◆ **SOURCE DATA**
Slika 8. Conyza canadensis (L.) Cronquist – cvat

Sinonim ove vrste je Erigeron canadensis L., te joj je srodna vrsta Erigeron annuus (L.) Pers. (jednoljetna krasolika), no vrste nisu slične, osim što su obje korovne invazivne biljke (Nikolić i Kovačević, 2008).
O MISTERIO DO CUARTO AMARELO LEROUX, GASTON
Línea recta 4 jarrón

--

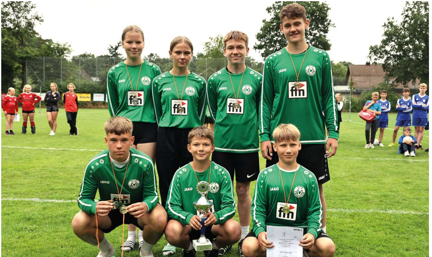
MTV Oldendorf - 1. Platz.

◆ **EXERCISE PROMPT**
What lines hold the string "canadensis"? Pick them out of the data.

◆ **OUTPUT OF THE EXERCISE**
Slika 8. Conyza canadensis (L.) Cronquist – cvat
Sinonim ove vrste je Erigeron canadensis L., te joj je srodna vrsta Erigeron annuus (L.) Pers. (jednoljetna krasolika), no vrste nisu slične, osim što su obje korovne invazivne biljke (Nikolić i Kovačević, 2008).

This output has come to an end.